I would look at Steam's refund flow for inspiration.
Dealing with refund requests is easy. The problem is customers who request chargebacks from their banks instead of requesting refunds from you.
Payment providers usually contest such chargebacks automatically. This ends up costing you a fee. And if you lose the dispute, or issue a refund as a matter of course, these chargebacks contribute to lowering your account's reputation. If this gets out of hands it can put your ability to receive payments in jeopardy.
What would be much more ideal is that, when the bank signals that one of its customers is contesting a charge, the payment provider would simply refund the charge without questions. And, assuming refunds (and chargebacks) are the exception rather than the rule, without the process lowering your score.
1. If you run this scheme enough and your credit card company flags your account for excessive chargebacks, you could very well have that card shut down and take a credit hit along with it. 2. More and more companies implement against (effectively) data brokers who are going to tie your chargeback history into a risk score. This very product from Stripe is absolutely going to score risky behavior in part based on past chargeback history.

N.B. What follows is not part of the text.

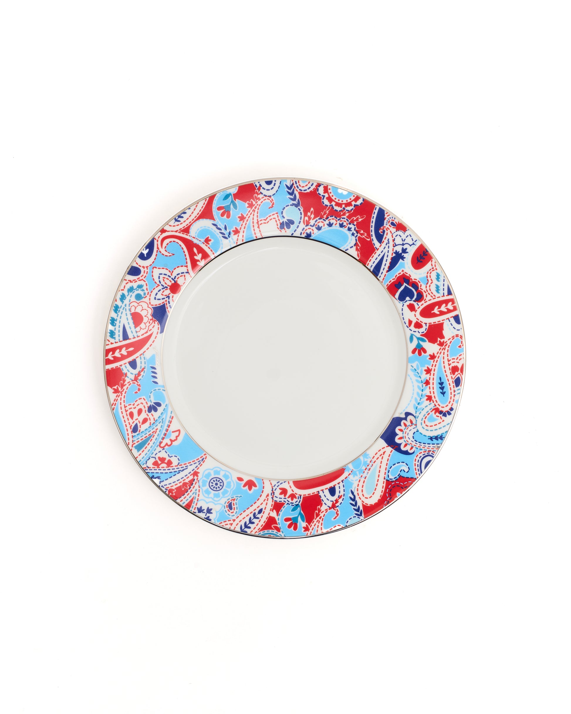 A printed quarter plate features a decorative design inspired by the traditional teardrop-shaped paisley motif. Often used in ceramic tableware, these plates blend classic elegance with artistic flair, making them ideal for both everyday use and special occasions.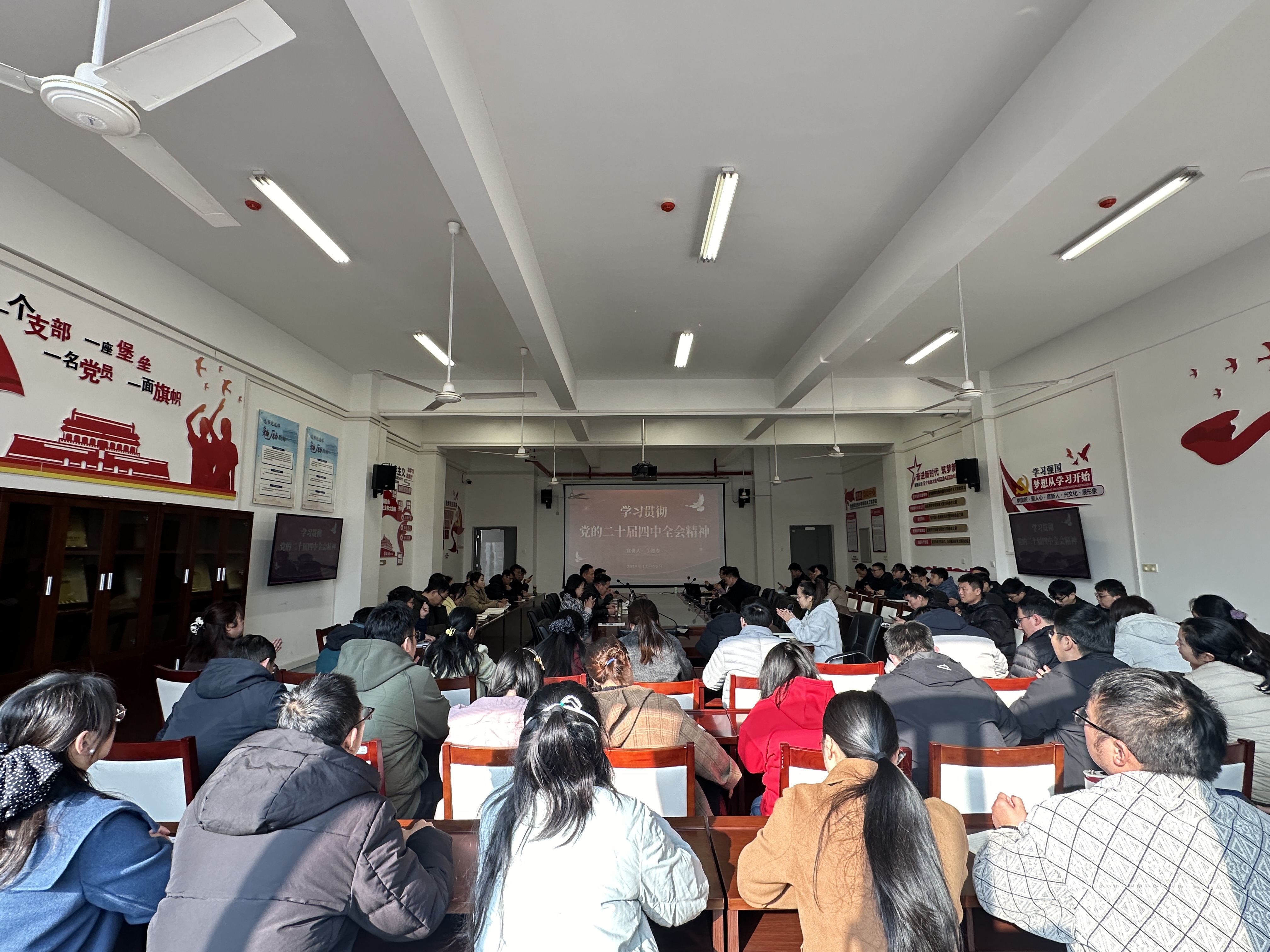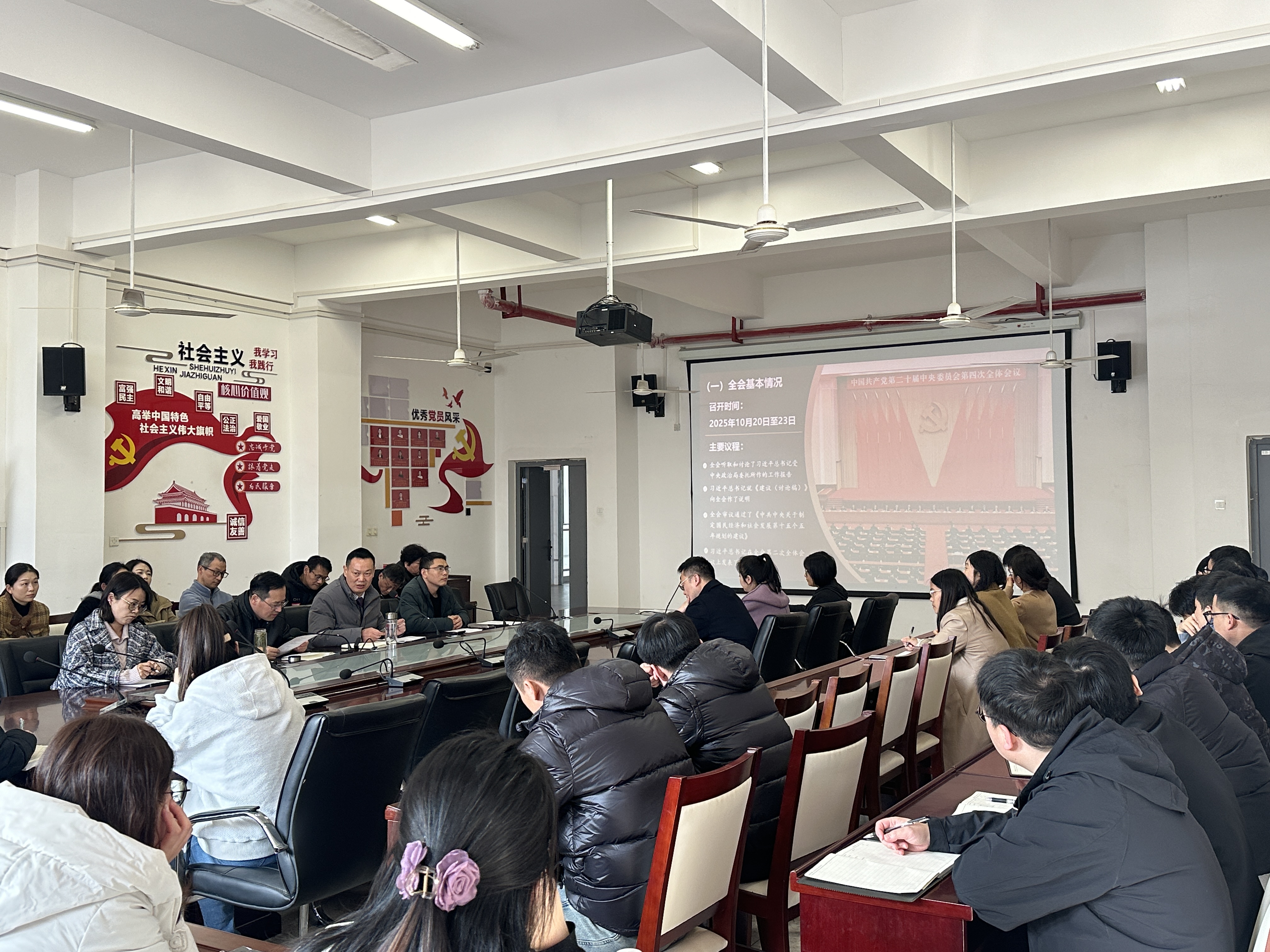 12月10日下午,机电工程学院在机电楼二楼会议室开展党的二十届四中全会精神专题宣讲暨十二月份教职工政治理论学习,该院全体教职工参会,会议由该院院长胡木林主持。

What's easier & takes less time now is not a guarantee on something being a net good decision, so other people should think twice before going with a scheme like this.
Why involve the telephone?
If they take 2.9% normally, 0.4% is about 14% extra in fees for every transaction you make, but disputes on a legitimate product are probably 1 in 5,000 (and Stripe will charge you a $15 flat fee if you lose the dispute which you will if it was related due to credit card fraud).
If you sell 5,000 products at $50 that's $250,000 in revenue. Stripe would normally take 2.9% which is $7,250 but now with "fraud production" they would take 3.3% for $8,250. So you've just spent an extra $1,000 out of pocket to save yourself $15 in a dispute fee that Stripe charges you. That's really steep.
If you had 66 fraud charges within 5,000x $50 transactions (to break even on fees), I would really look into why you're getting so many disputes. That's astronomically high.
I only sell digital products but the dispute rate is over an order of magnitude less than 1 in 250.
In the physical product's case, you are out the $15 + $50 (or whatever your product cost you to make and ship).
We have a strict non-refundable policy on ticket deposits because, otherwise, we can't determine how many seats are left for each event and we lose the revenue on that empty seat.
We often get unscrupulous customers who claim they don't recognize the charge because they decided not to attend in the 11th hour!
We also have the rare individual who completes the entire 3-day training and then claims they never got the service!
Because it's in-person training, it's hard to prove they received the service. For example, there are no postal records we might show as proof that we shipped a physical item and it was received.
Now, we have them sign a document affirming they got the training prior to receiving their certificates.
But, still, Chargebacks are stressful, because they create revenue and profit uncertainty for each event.
The dollar value of our fraud rate is about .3-.7% per event. But we always fear the outlier event, where that number spikes. For example, we set aside 2% of revenue from our most recent event (which is thousands of dollars now tied up) to prepare for any unanticipated spike in chargebacks.
And... the stress and frustration of fraudulent chargebacks is a non-zero intangible cost.
I will gladly pay .4% to get revenue certainty!
At this time we don't use checkout though. So will need to look into what we need to do to change to that.
I believe we're using Stripe Elements. (I'm the business owner and a programmer, but I didn't code our original stripe integration.)
Will be looking at this today!!!
Thank you so much for your work on this feature! This is a real game changer for businesses like mine!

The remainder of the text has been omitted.